Since the start of the pandemic, when passenger numbers dissolved, the government has assumed all financial risk associated with running passenger rail franchises, but has continued pumping taxpayers’ money into the pockets of privateers under glorified management-fee contracts.

Last summer the Office for National Statistics reclassified rail companies as “public non-financial corporations” to reflect the reality that they were being propped up entirely by the public purse.

“It’s now clear that the final preparations for the public takeover of Britain’s failed franchise system are in place, and RMT says the government should stop dithering and get on with it,” said the union’s general secretary Mick Cash.

“All the operators are now effectively public operations anyway, with the taxpayer taking responsibility through a network of management contracts from which the operators extract a profit for doing nothing.

“The final moves to full public ownership would be a mere formality.

“We should cut out the middleman, end the failed privatisation experiment and reinvest the private profits in a green railway fit for the future,” Mr Cash said.

Johnbosco Nwogbo of campaign group We Own It said: “This pandemic has shone a light on the fundamental farce of rail privatisation.

“In the good times, the private rail companies let the profits roll in.

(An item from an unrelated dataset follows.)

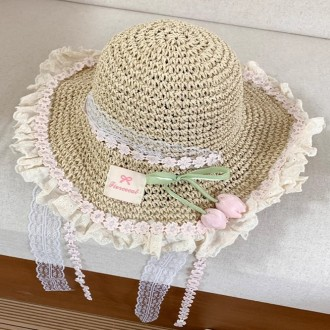 LND for Pink Flower Rattan Hat Women's Vacation Sun Cap Bucket Hat and Beach Straw Hobo Bags Style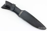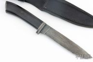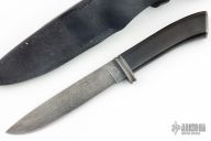 This Hunter by Master Smith Steve Schwarzer features a Damascus blade with .175" blade stock and 1.039" blade depth, hidden tang construction. The handle has a fluted Damascus guard, ebony wood scales with a Damascus butt. Comes with a black leather sheath. Excellent condition.

In the bad times, the government steps in and pays them to keep running anyway. Profits are privatised, while losses are nationalised.

“But the railway was in crisis before the pandemic too. Overcrowded trains, cancellations, delays, skyrocketing fares. This isn’t how a railway fit for the 21st century should work, and re-arranging the deckchairs on the Titanic won’t make a blind bit of difference to passengers.

“So the government should seize the moment. Now is the time to cast rail privatisation into the dustbin of history, where it belongs. Now is the time to take our railway into public ownership so it can work for people, not profit.”

A Department for Transport spokeswoman described the changes as “a small part of sensible contingency planning to protect vital rail services.”

“The government is committed to replacing the complicated franchising system with new railway contracts that will deliver better journeys for passengers,” she said.

Unions and campaigners have long argued that the privatisation and fragmentation of Britain’s railways by the Tories since 1994 would undermine safety and result in worse services, with privateers converting billions in public subsidies into private profits.

Network Rail, responsible for railway infrastructure, was rescued by the public sector after its privatised predecessor Railtrack was put into administration a year after the 2000 Hatfield disaster. The vast bulk of maintenance work was brought back in-house in 2003.

England’s east-coast inter-city services, badged as LNER, have been controlled directly by the Department for Transport since 2018, having collapsed twice as a privately operated franchise. 

Services in Wales are now also under the direct control of the Welsh government.